There is, for example https://bellard.org/quickjs/

eatonphil · 4 years ago

That's an interpreter written in C and without a JIT. Not the same as an AOT compiler.

https://github.com/bellard/quickjs/blob/master/quickjs-opcod...

The point isn't just not having a JIT. You can run v8 without a JIT. The point is good performance without a JIT.

Deleted Comment

pjmlp · 4 years ago

Not really what you are after, but it does use AOT (via generated C++ code).

https://arcade.makecode.com/

https://makecode.com/language

eatonphil · 4 years ago

> In case of microcontrollers, PXT programs are compiled in the browser to ARM Thumb assembly, and then to machine code, resulting in a file which is then deployed to the microcontroller, usually via USB mass-storage interface.

Looks like the only compilation strategy is directly to ARM Thumb assembly or did I miss something?

kevin_thibedeau · 4 years ago

You'd be stuck with float numerics everywhere because there's no fallback to recompile if an attempt to use integer fails.

gnulinux · 4 years ago

compile both, dispatch dynamically in runtime.

Scarbutt · 4 years ago

Because it will require tons of resources to make it more performant that the current JS JITs and it will probably fail. So what you see is some games just embedding V8.

Wow, this got my attention. I use Python for web application development. A 2-3x speedup would be very interesting for higher-load deployments.

BiteCode_dev · 4 years ago

The best feature of nuitka, and its main goal, is not speed gain. That's the cherry on top.

The main goal is getting a standalone executable that works with c extensions.

synergy20 · 4 years ago

that's correct, nuitka is to package python into one single executable, it's an 'installer' per se.

antman · 4 years ago

Does it also package the extensions?

spenczar5 · 4 years ago

What sort of web applications do you work on where Python interpreter speed is the limiting factor? Usually, those applications are constrained by network throughput and context switches and page faults.

Eikon · 4 years ago

This argument is so tiring. That's part of why websites are so slow despite having insane hardware at their disposal.

At my company, for a web app we run in production, we strive to get every response out of our infrastructure in under a millisecond, everything above that except for a few select endpoints is considered as a bug. By using sensible technology choices, it's not even that hard to do. A RDMS like postgres can answer to queries in microseconds.

Nice bonus, we can provide real time computation features our competitors could only dream of, just by not using dog-slow technology.

Our customers are not techies and you know what? When they use our product, the first comment is usually "wow, it's so fast".

takeda · 4 years ago

If you are interested in speed you might get more from Cython (not to mistake it with CPython) or mypyc.
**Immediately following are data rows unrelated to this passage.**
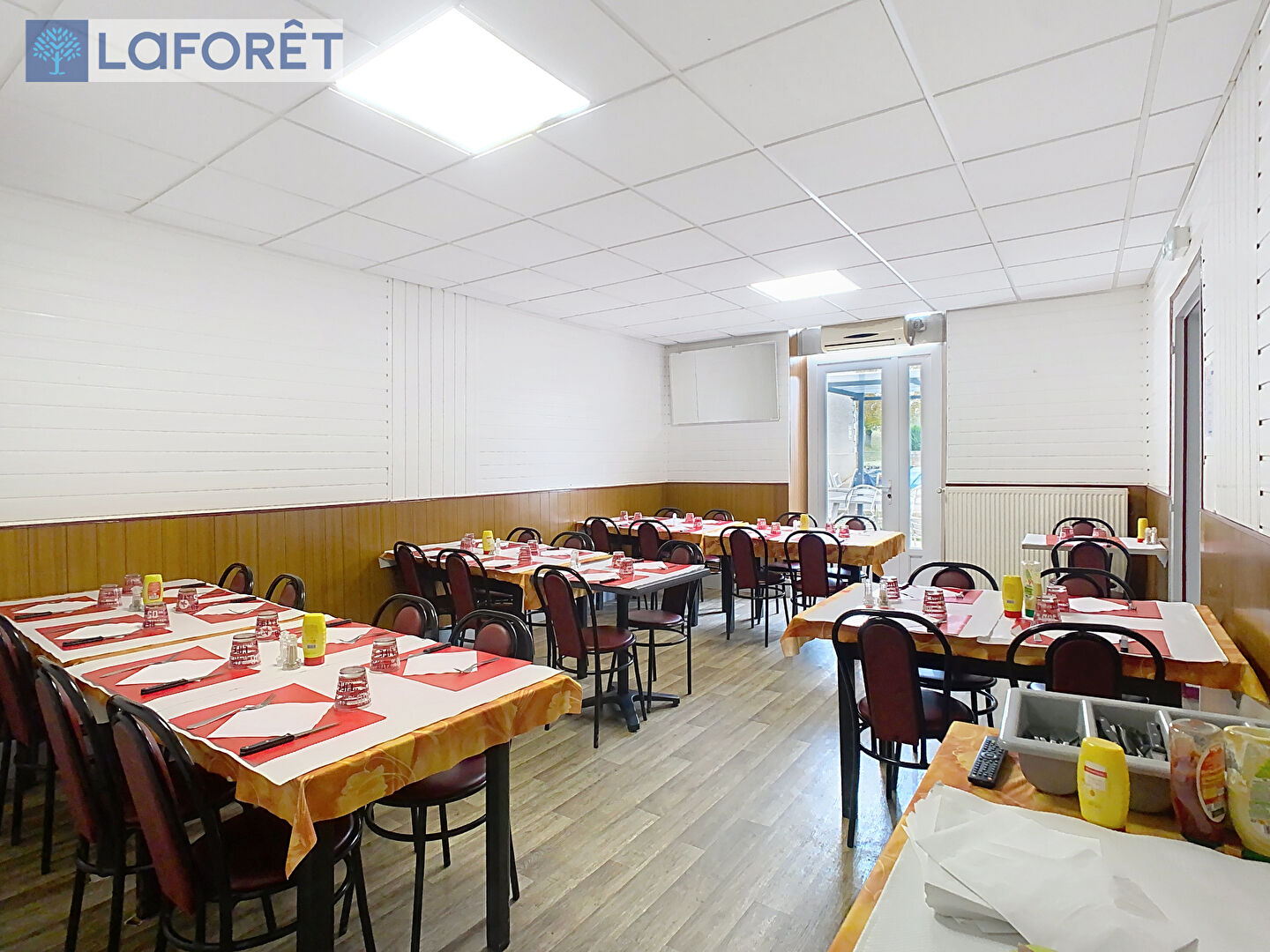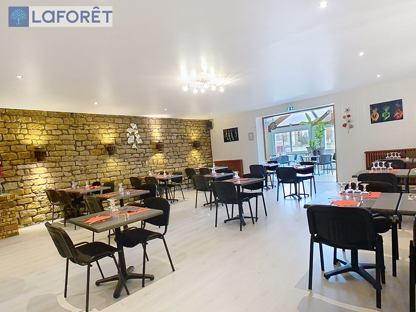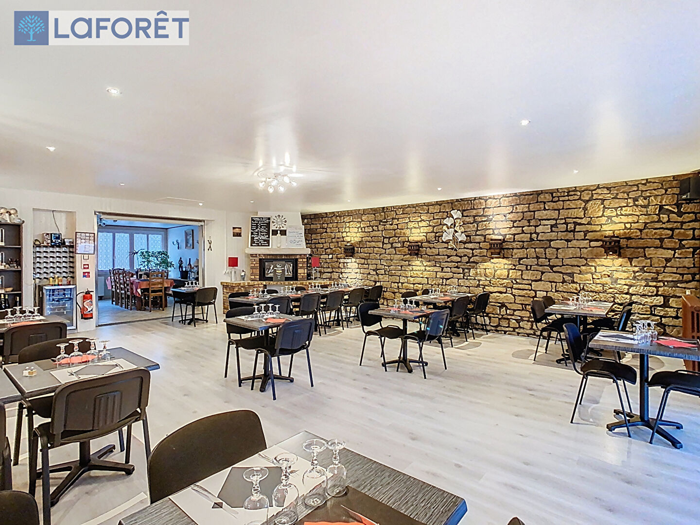 La partie restaurant se compose d'une large entrée, d'un vaste espace de réception clients de plus de 150m² réparti sur quatre salles climatisées (dont une prenant place dans une belle véranda lumineuse), d'un espace sanitaires, d'une salle de bar, d'une cuisine professionnelle de 70m² et d'un espace pouvant accueillir de la clientèle en nuitées composé de trois chambres et d'une salle d'eau.
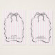 A cute whimsical earring display card, featuring a Parisian style pink and white pinstripe background, handwritten doodle script and a coquette style ribbon frame.
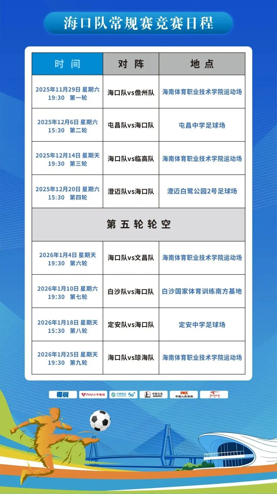 海口队将主场迎战临高队
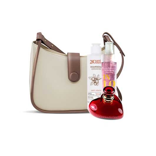 Ce que Femme Veut, une expression qui se transforme en fragrance. Par son bouquet finement élaboré, au départ enjoué de bergamote et mandarine, au cœur rond et élégant de tubéreuse et jasmin, et un sillage résolument féminin, Ce Que Femme Veut est un parfum aux multiples facettes. Sublimez et illuminez votre peau grâce à notre brume pailletée pour le corps. Des notes fleuries et fruitées qui vous envelopperont d’un cocon de douceur. Notre sac Bicolore apportera de la couleur à votre tenue automnale !
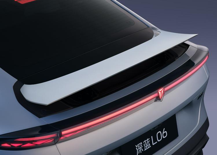 以上是深蓝L06的三大卖点,重新来回顾一下外观,这车采用了深蓝L07类似的设计风格,前脸灯组和下包围样式有所调整,车辆配备了无边框车门、无边框后视镜,门把手采用半隐藏式设计,提供绿色刹车卡钳,尾部经过了大溜背处理,贯穿式尾灯比深蓝L07的更加平直,尾部还搭载有多挡可调电动升降扰流板。

The catch is that you need to specify types (in Cython you otherwise won't get speed gain, and mypyc will refuse to compile).
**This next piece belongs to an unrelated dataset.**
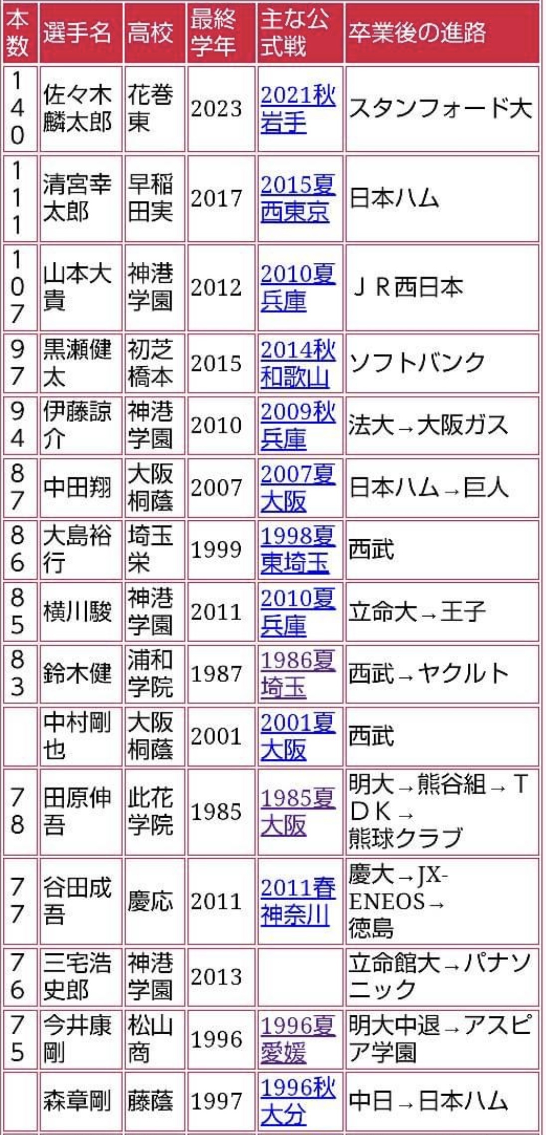 高校通算の数字は、
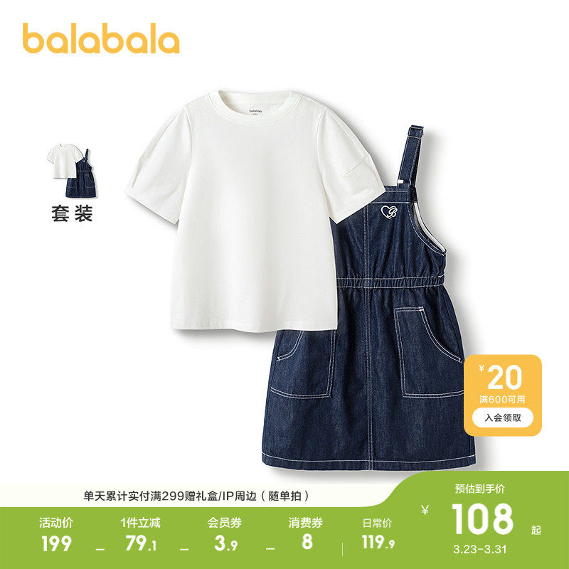 巴拉巴拉女童裙子儿童连衣裙夏装大童牛仔背带裙套装纯棉时尚洋气

I remember reading an article somebody was describing that instead of even adopting project to work with Cython he/she outright started their project in Cython and found it beneficial.

qeternity · 4 years ago

You're extremely unlikely to get much, if any, speed up on a large, general codebase.

The 2-3x improvements are on specific micro benchmarks.
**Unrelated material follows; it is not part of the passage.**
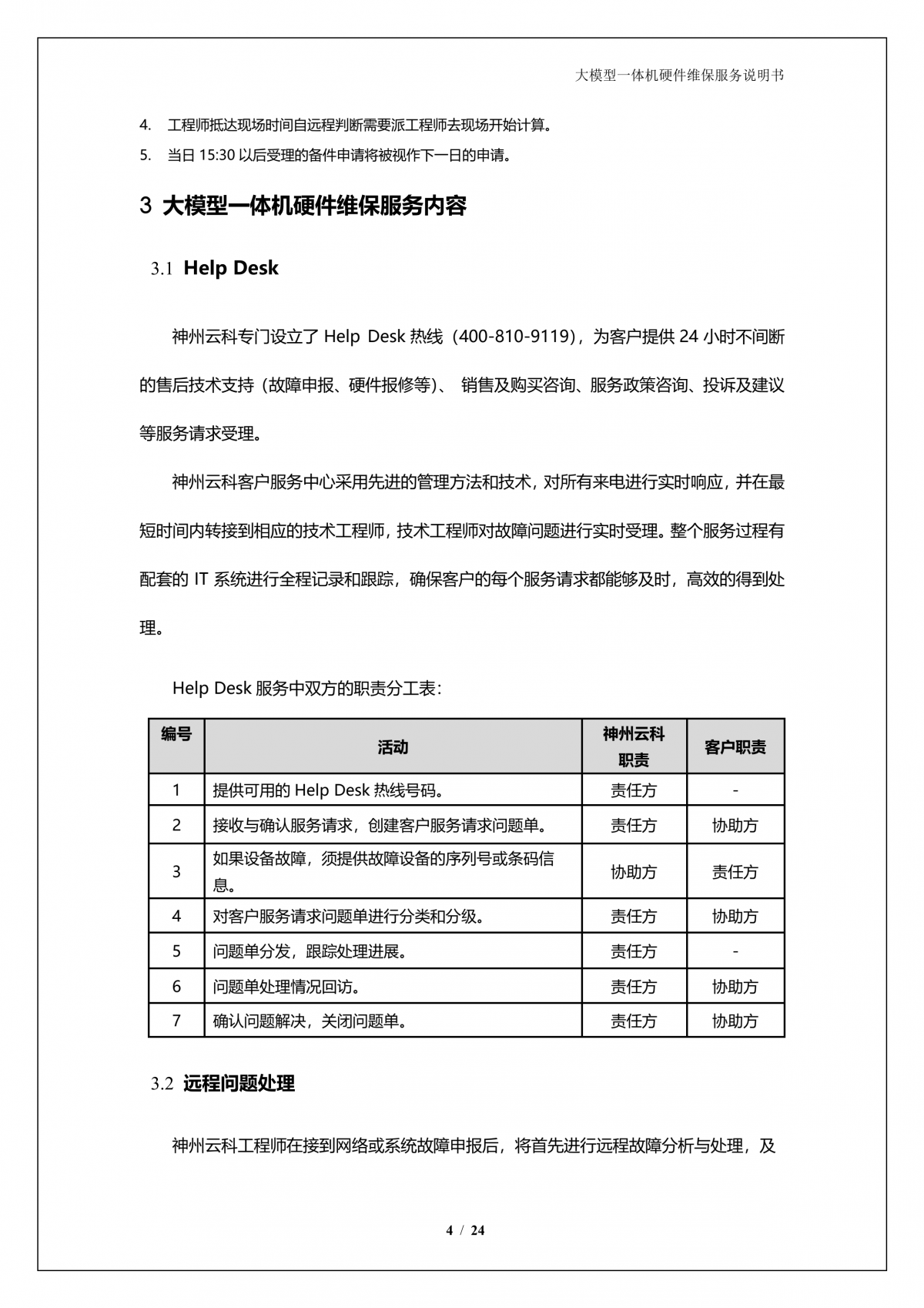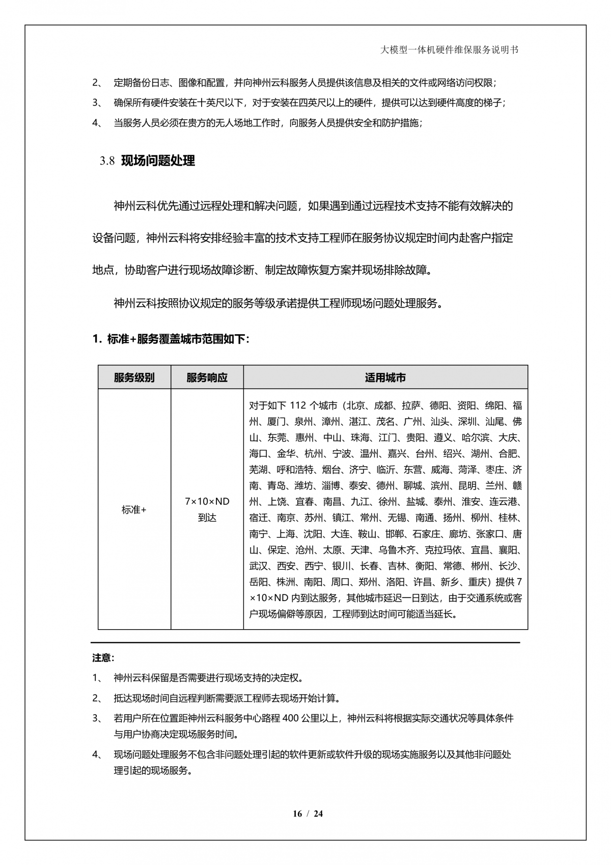 9001cc 以诚为本A924 DS大模型一体机硬件维保服务说明书_V1.1

dec0dedab0de · 4 years ago

if you're just looking to speed things up PyPy, and Cython are both good options

vips7L · 4 years ago

Graal Python is really fast too, but I'm not sure how it plays with C extensions.

hultner · 4 years ago

Nuitka is a wonderful project which in my opinion doesn't get enough attention.

I first found it back in 2015 when I worked at a company where we built a python based desktop application as a part of our industrial control system. Nuitka provided better performance then pyinstaller/cx_freeze while it was still simple to work with. Back then there were still a few incompatibilities but I've followed the project throughout the years and it's mature like a fine wine since.

asicsp · 4 years ago

Some of the past discussions:

* https://news.ycombinator.com/item?id=8771925 (2014, 135 comments)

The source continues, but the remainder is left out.